Empirical Demonstration

Along with the reported simulation study, we applied the M-MNRM to three empirical datasets from personnel selection contexts. This allowed us to examine the existence and prevalence of the three latent faking classes in high-stakes assessment data from different job application contexts.

Datasets

The datasets were made available by a Germany-based testing company that develops psychological tests for personnel selection. All three datasets contained responses from test-takers who had taken a personality test as part of an application for a job. Dataset 1 consisted of $N = 3, 046$ test-takers applying for a bank apprenticeship at a financial institution in Germany (gender: 60.4% female, 39.6% male; age: $M = 18.22$ years, $SD = 1.98$ , $range = [14, 29]$ ; this dataset was also analyzed by Seitz et al., 2025). Dataset 2 comprised $N = 1, 824$ applicants for a police officer traineeship at a German police department (gender: 30.0% female, 70.0% male; age: $M = 21.02$ years, $SD = 4.61$ , $range = [15, 39]$ ). Dataset 3 included $N = 2, 007$ test-takers who had applied for a position as insurance agent at a Germany-based insurance company (gender: 28.7% female, 71.2% male).²

In the present empirical demonstration, we modeled data from three substantive trait scales that were available in all datasets. These scales assessed the personality traits of Emotional Stability, Extraversion, and Conscientiousness. Emotional Stability was measured with 12 items (Dataset 1: Cronbach’s $α = . 75$ ; Dataset 2: $α = . 74$ ; Dataset 3: $α = . 70$ ), Extraversion with 9 items (Dataset 1: $α = . 74$ ; Dataset 2: $α = . 67$ ; Dataset 3: $α = . 72$ ), and Conscientiousness with 10 items (Dataset 1: $α = . 79$ ; Dataset 2: $α = . 77$ ; Dataset 3: $α = . 66$ ). Item responses were given on a 7-point Likert scale (0 = does not apply at all to 6 = applies fully). Along with these three substantive trait scales, covariates were available in the datasets, namely, the score of an integrity test, the score of an achievement motivation test, and a measure of intelligence (aggregate of verbal, numeric, and figural cognitive ability test scores).

Pilot Studies

Before fitting models to the data, we ran a series of pilot studies to determine scoring weights for the faking dimension in the different personnel selection settings. Therefore, we asked independent samples of participants to rate the social desirability of every response category of every item with respect to the three job application settings (Seitz et al., 2025; see also Kuncel & Tellegen, 2009). Participants should hereby put themselves into the perspective of a person who is currently applying for the respective job, and rate desirability accordingly. The Supplemental Material provides details on the procedure, samples, and results of the pilot studies.
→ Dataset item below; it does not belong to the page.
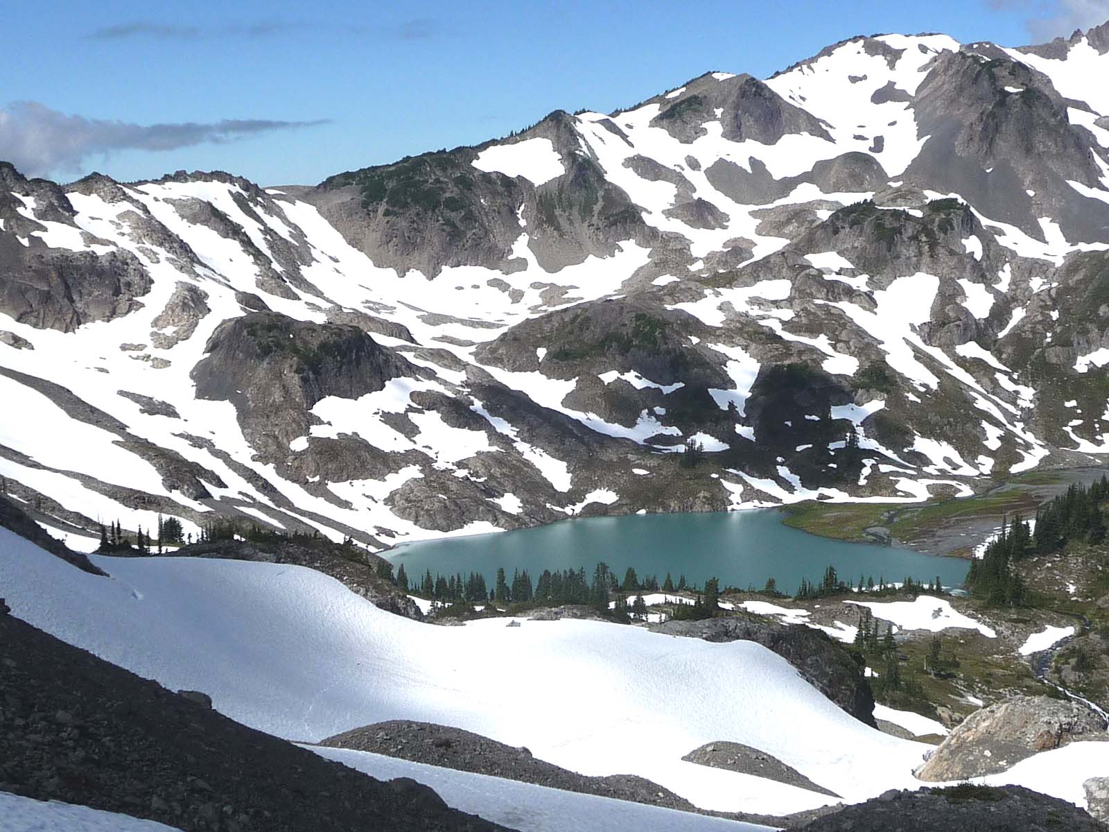 There was still lot of snow left in the basin and we could walk on snow almost all the way around the peak.

Results of the Empirical Demonstration

We fitted the same four models as in the simulation to all three datasets. Regarding scoring weights, we specified values as in Equation (2) and used the job-specific mean desirability ratings from the pilot studies as scoring weights of faking, which we linearly transformed to a possible range from 0 to 6 to achieve a common metric of scoring weights across dimensions. Again, we used JAGS through the R environment to estimate the models. However, for the empirical analyses, we estimated every model by running 12 parallel MCMC chains that featured 15,000 iterations each, with the first 5,000 iterations discarded as burnin.³ $\hat{R}$ values of continuous model parameters were all below 1.1, indicating that all models converged. Also, by visual inspection, we found well-mixed trace plots of item parameters, latent correlations, and latent regression coefficients.

Model Selection and Model Fit

Table 4 contains fit indices of the four estimated models. The pattern of results was consistent across the three datasets. Regarding relative fit, DIC, WAIC, and LOOIC all selected the “mixture θ_S/θ_F model,” indicating that the mixture model in all datasets yielded a better compromise between fit and parsimony than the three non-mixture models. Regarding absolute fit, we used posterior predictive model checking (PPMC; e.g., Sinharay et al., 2006), which involves simulating data based on the model parameters’ posterior distribution and comparing the simulated data to the observed data. As a measure of misfit, we considered the standardized root mean square residual (SRMR), which indicates the discrepancy between the model-implied and observed item intercorrelations.⁴ The “θ_F model” had the largest SRMR in all job application contexts, followed by the “θ_S model” and “θ_S/θ_F model” (see Table 4). Crucially, the “mixture θ_S/θ_F model” consistently yielded the smallest SRMR, indicating that the mixture model had the best absolute fit in the three datasets.

Table 4.

Empirical Demonstration: Model Fit Indices.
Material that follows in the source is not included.